AIM OF THE TASK >>
Transcribe the records below in full; pictures stay out of the copy.

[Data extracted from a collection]
□ □ □
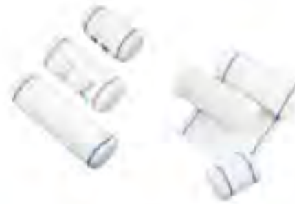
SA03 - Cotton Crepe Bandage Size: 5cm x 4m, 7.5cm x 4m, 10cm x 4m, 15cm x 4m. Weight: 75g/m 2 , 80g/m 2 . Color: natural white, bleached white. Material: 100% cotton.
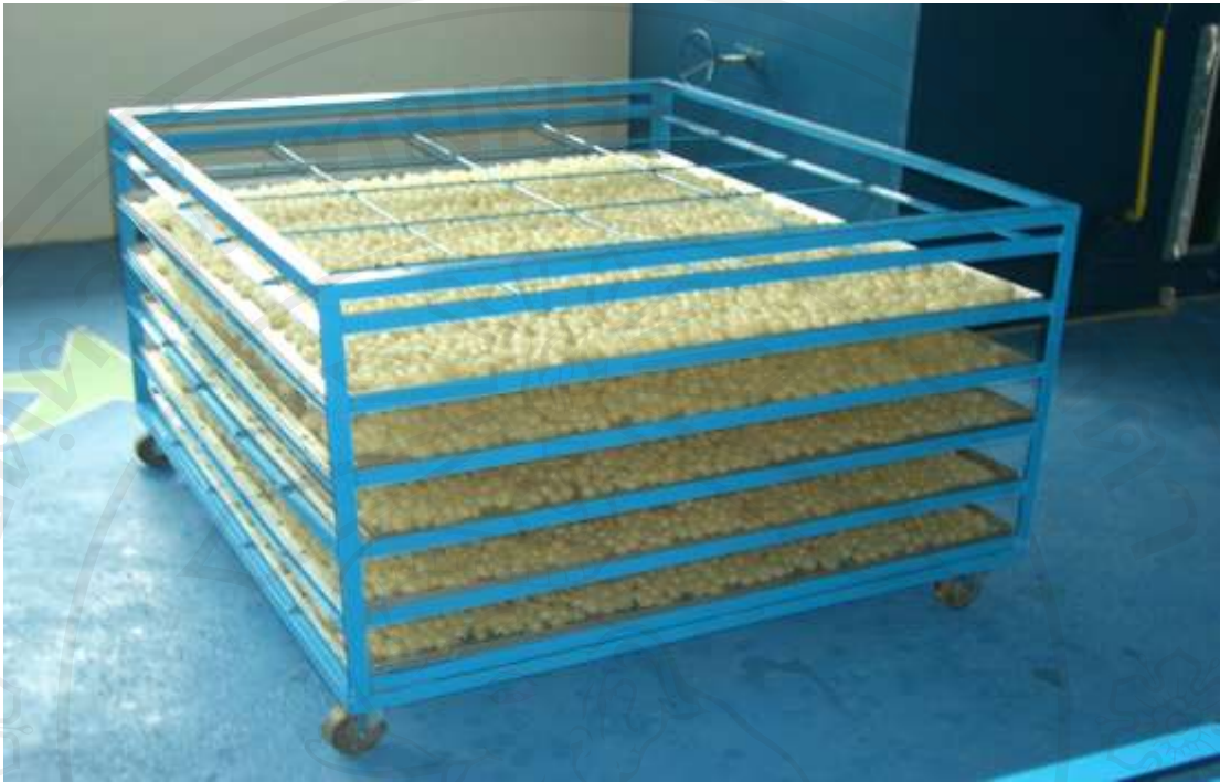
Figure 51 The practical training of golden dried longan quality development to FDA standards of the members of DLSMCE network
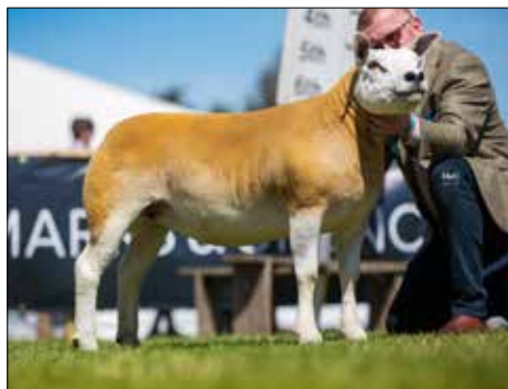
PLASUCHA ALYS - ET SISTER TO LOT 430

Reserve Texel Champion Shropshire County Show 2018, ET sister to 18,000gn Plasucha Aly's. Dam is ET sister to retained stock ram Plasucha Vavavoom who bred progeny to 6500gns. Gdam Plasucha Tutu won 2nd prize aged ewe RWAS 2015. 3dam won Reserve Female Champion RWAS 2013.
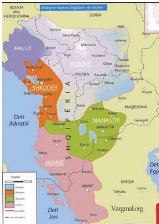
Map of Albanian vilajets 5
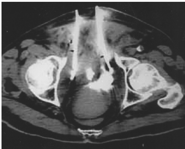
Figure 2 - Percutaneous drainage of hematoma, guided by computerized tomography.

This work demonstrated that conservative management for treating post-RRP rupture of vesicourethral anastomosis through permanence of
□ □ □
ANSWER AREA >>
SA03 - Cotton Crepe Bandage Size: 5cm x 4m, 7.5cm x 4m, 10cm x 4m, 15cm x 4m. Weight: 75g/m 2 , 80g/m 2 . Color: natural white, bleached white. Material: 100% cotton.
Figure 51 The practical training of golden dried longan quality development to FDA standards of the members of DLSMCE network
PLASUCHA ALYS - ET SISTER TO LOT 430

Reserve Texel Champion Shropshire County Show 2018, ET sister to 18,000gn Plasucha Aly's. Dam is ET sister to retained stock ram Plasucha Vavavoom who bred progeny to 6500gns. Gdam Plasucha Tutu won 2nd prize aged ewe RWAS 2015. 3dam won Reserve Female Champion RWAS 2013.
Map of Albanian vilajets 5
Figure 2 - Percutaneous drainage of hematoma, guided by computerized tomography.

This work demonstrated that conservative management for treating post-RRP rupture of vesicourethral anastomosis through permanence of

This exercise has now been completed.